• [The problem]:
The line containing "為落實(shí)《中華人民共" and every line after it to the end of the records: set those down exactly, without any pictures.

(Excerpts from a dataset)
━━━━
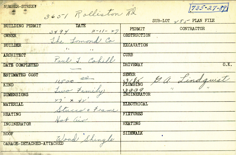 3651 Rolliston Road Shaker Heights, OH 44120 PARCEL ID: 735-27-089 Building Permit Date: 11-11-1927 Plan File Number: 11356 Microfilm Roll: NewRoll#7 Neighborhood: Lomond Owner: The Lomond Company Builder: The Lomond Company Architect: Cahill, Paul T. Estimated Cost: 11500 Kind: Duplex or Two-Family Material: Stucco and Frame Heating: Hot Air Roof: Wood Shingle |
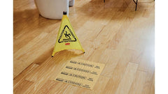 - Features the universal caution symbol and "Caution Wet Floor" in English and Spanish
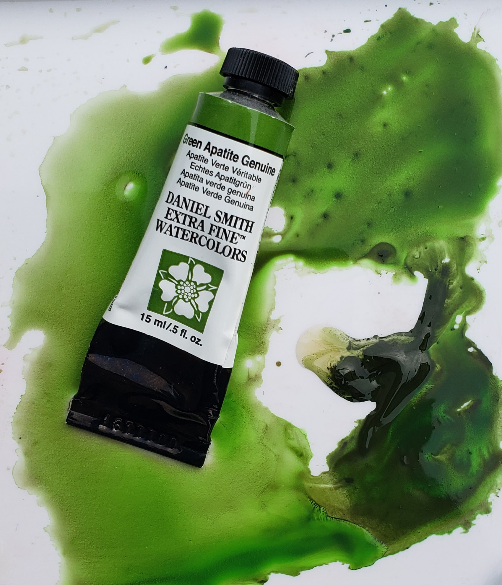 Color Week 40 explores Green Apatite Genuine. This is a fascinating sedimentary and granulating color that ranges from a fresh yellow-green to dark olive. My acquisition of the color was by accident – it was included in a boxed set that was on sale. I was getting started in watercolor and thought the colors looked like interesting additions to my palette. They were all highly granulating colors, and not understood or appreciated by someone starting in watercolor so they went to the back of the box… three years later I am beginning to use the colors with some appreciation.
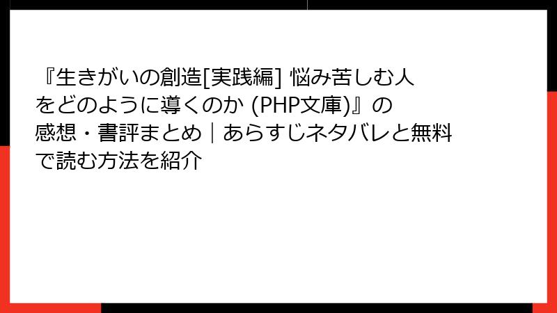 『生きがいの創造[実践編] 悩み苦しむ人をどのように導くのか (PHP文庫)』の感想・書評まとめ|あらすじネタバレと無料で読む方法を紹介
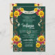 Sunflowers Red Rose Emerald Charro Quinceanera Invitation
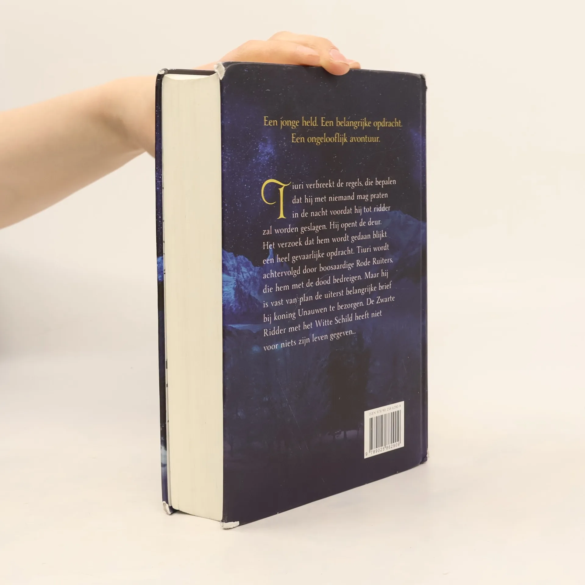Een jonge held. Een belangrijke opdracht. Een ongelooflijk avontuur. Tiuri verbreekt de regels, die bepalen dat hij met niemand mag praten in de nacht voordat hij tot ridder zal worden geslagen. Hij opent de deur. Het verzoek dat hem wordt gedaan blijkt een heel gevaarlijke opdracht. Tiuri wordt achtervolgd door boosaardige Rode Ruiters, die hem met de dood bedreigen. Maar hij is vast van plan de uiterst belangrijke brief bij koning Unauwen te bezorgen. De Zwarte Ridder met het Witte Schild heeft niet voor niets zijn leven gegeven…
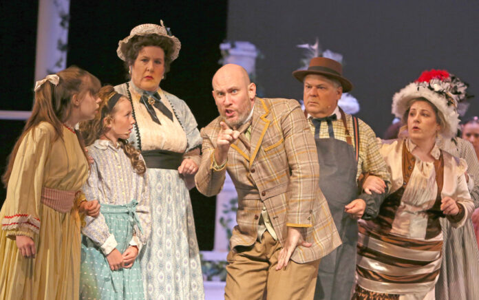 Con man “Professor” Harold Hill (Benjamin Ball) barely escapes a train full of angry traveling salespersons whose reputations he has sullied with a variety of scams and swindles. He finds himself in River City, where the residents are ripe for the picking with his latest confidence game of forming a town band.
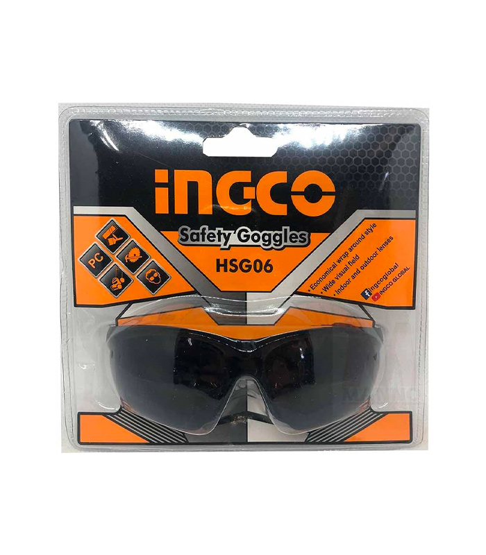 Ingco HSG06 Polycarbonate Safety Goggle, Dark
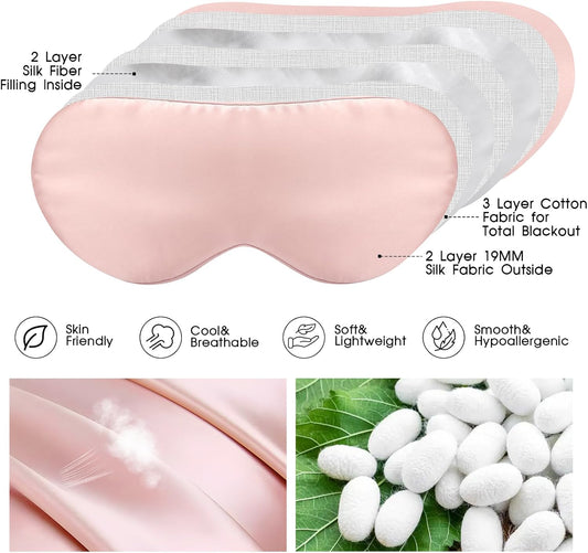Mulberry Silk Blackout Adjustable Sleep Eye Mask for Men/Women Travel Plane,Blush Pink
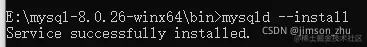 3)安装启动mysqld(SQL后台程序,即MySQL服务器。要想使用客户端程序,该程序必须运行,因为客户端通过连接服务器来访问数据库),mysqld --install
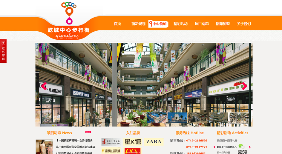 乾城中心步行街中心步行街是吉首集快樂購物、潮流娛樂、特色美食多種元素為一體的一站式步行街。項目涵蓋電影院、KTV、西式餐飲、大型家電賣場、孕嬰童天地、電玩、品牌服飾等,集中步行街“鋪鋪臨街、獨立產權、功能全、品種多、休閑娛樂氛圍濃厚、聚集全城人氣”的優勢,同時結合萬達購物廣場“中心聚合力、高雅購物環境、合理人流導向、一站式購物中心”的特色,以*創新的建筑、*合理動線設置、*全業態、更具體驗感等十大*價值,獨創第7代步行街,成為吉首*繁華的消費聚集地!
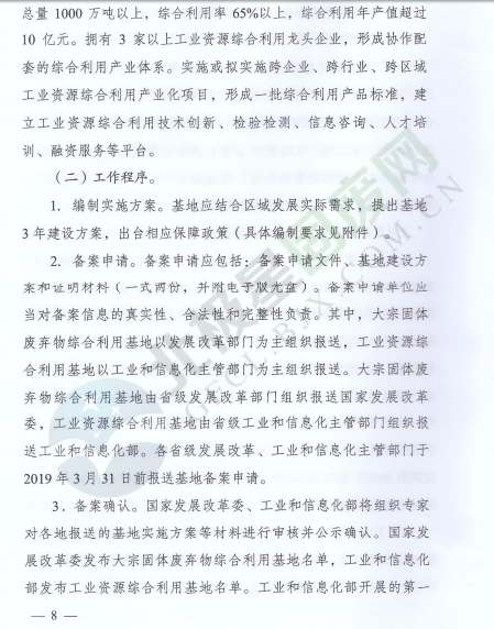 為落實(shí)《中華人民共和國(guó)經(jīng)濟(jì)和社會(huì)發(fā)展第十三個(gè)五年規(guī)劃綱要》《循環(huán)發(fā)展引領(lǐng)計(jì)劃》和《工業(yè)綠色發(fā)展規(guī)劃》,促進(jìn)產(chǎn)業(yè)集聚,提高資源綜合利用水平,推動(dòng)資源綜合利用產(chǎn)業(yè)高質(zhì)量發(fā)展,近日,國(guó)家發(fā)展改革委辦公廳和工業(yè)和信息化部辦公廳印發(fā)了關(guān)于推進(jìn)大宗固體廢棄物綜合利用產(chǎn)業(yè)集聚發(fā)展的通知。全文如下:
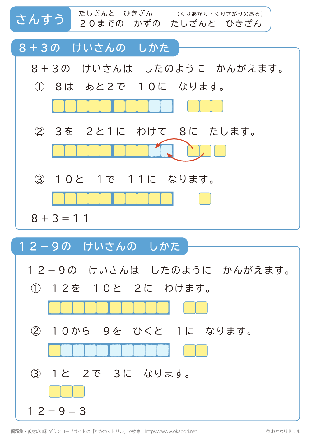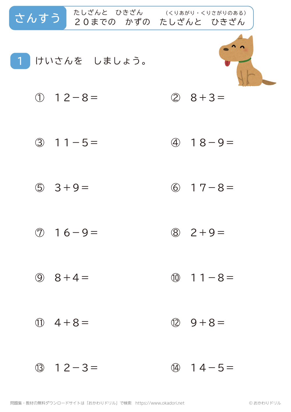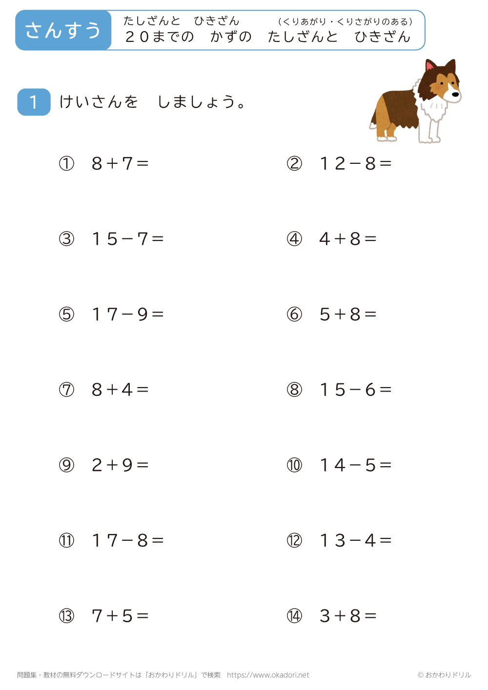 20までの数の足し算・引き算です。くり上がりのある足し算や、くり下がりのある引き算で、20までの数の計算をしてみましょう。
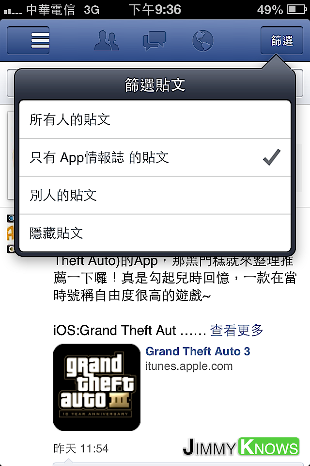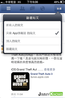 | 小幫手右上方的「篩選」按鈕是用來顯示貼文選項的 |
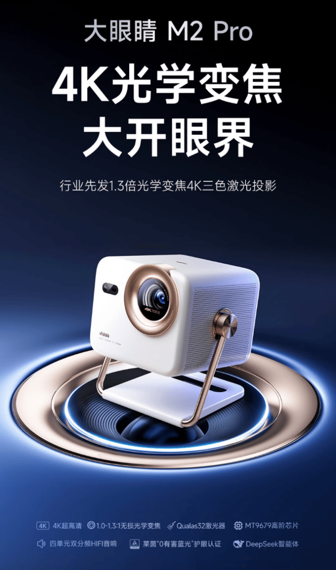 Vidda大眼睛M2 Pro作为行业首款1.3倍光学变焦三色激光4K投影仪,完美解决了小空间大画面的难题。无论是都市公寓的卧室还是书房,都能轻松投射百寸巨幕。其搭载的万元级MT9679芯片和四单元双分频HIFI音响系统,让每一次观影都如同置身专业影院。6月4日-6日限时抢购,叠加国家补贴后仅需3679元,还赠送EPP便携收纳箱和视频VIP月卡,更有机会抽中1099元幕布。对于追求品质生活的用户,无疑是打造私人影院的最佳选择。
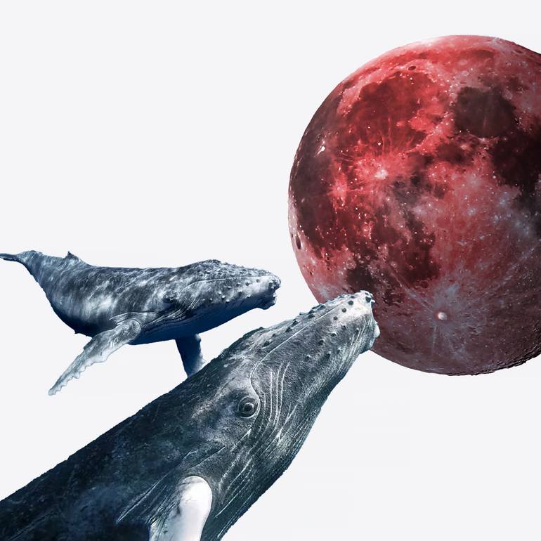 Whales in love is a digital work that explores the connection between love, whales, the moon, the color red, and space. The work was created through the use of advanced digital techniques that allow these elements to be represented in a hyper-realistic way. In the main scene of the work, a pair of w...
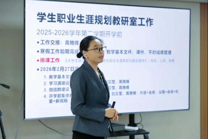 会议伊始,高艳锋院长助理就学院2025-2026学年第二学期教学准备工作作专项汇报。结合上学期教学工作中暴露出的问题与薄弱环节,系统梳理了本学期教学工作的整体思路与具体安排。
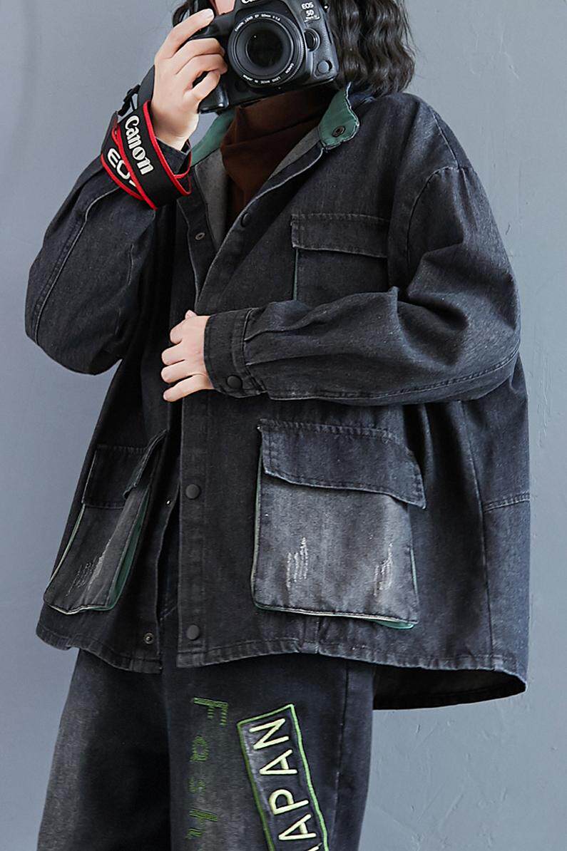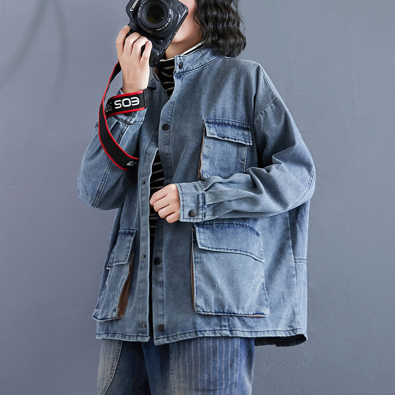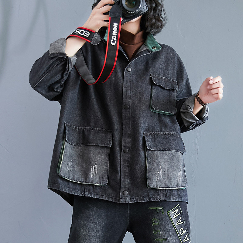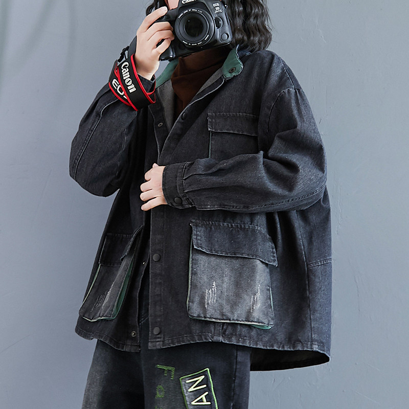 Джинсовая юбка, демисезонная куртка, большой размер, в корейском стиле, оверсайз
━━━━
• [Answer box]:
 為落實(shí)《中華人民共和國(guó)經(jīng)濟(jì)和社會(huì)發(fā)展第十三個(gè)五年規(guī)劃綱要》《循環(huán)發(fā)展引領(lǐng)計(jì)劃》和《工業(yè)綠色發(fā)展規(guī)劃》,促進(jìn)產(chǎn)業(yè)集聚,提高資源綜合利用水平,推動(dòng)資源綜合利用產(chǎn)業(yè)高質(zhì)量發(fā)展,近日,國(guó)家發(fā)展改革委辦公廳和工業(yè)和信息化部辦公廳印發(fā)了關(guān)于推進(jìn)大宗固體廢棄物綜合利用產(chǎn)業(yè)集聚發(fā)展的通知。全文如下:
 20までの数の足し算・引き算です。くり上がりのある足し算や、くり下がりのある引き算で、20までの数の計算をしてみましょう。
 | 小幫手右上方的「篩選」按鈕是用來顯示貼文選項的 |
 Vidda大眼睛M2 Pro作为行业首款1.3倍光学变焦三色激光4K投影仪,完美解决了小空间大画面的难题。无论是都市公寓的卧室还是书房,都能轻松投射百寸巨幕。其搭载的万元级MT9679芯片和四单元双分频HIFI音响系统,让每一次观影都如同置身专业影院。6月4日-6日限时抢购,叠加国家补贴后仅需3679元,还赠送EPP便携收纳箱和视频VIP月卡,更有机会抽中1099元幕布。对于追求品质生活的用户,无疑是打造私人影院的最佳选择。
 Whales in love is a digital work that explores the connection between love, whales, the moon, the color red, and space. The work was created through the use of advanced digital techniques that allow these elements to be represented in a hyper-realistic way. In the main scene of the work, a pair of w...
 会议伊始,高艳锋院长助理就学院2025-2026学年第二学期教学准备工作作专项汇报。结合上学期教学工作中暴露出的问题与薄弱环节,系统梳理了本学期教学工作的整体思路与具体安排。
 Джинсовая юбка, демисезонная куртка, большой размер, в корейском стиле, оверсайз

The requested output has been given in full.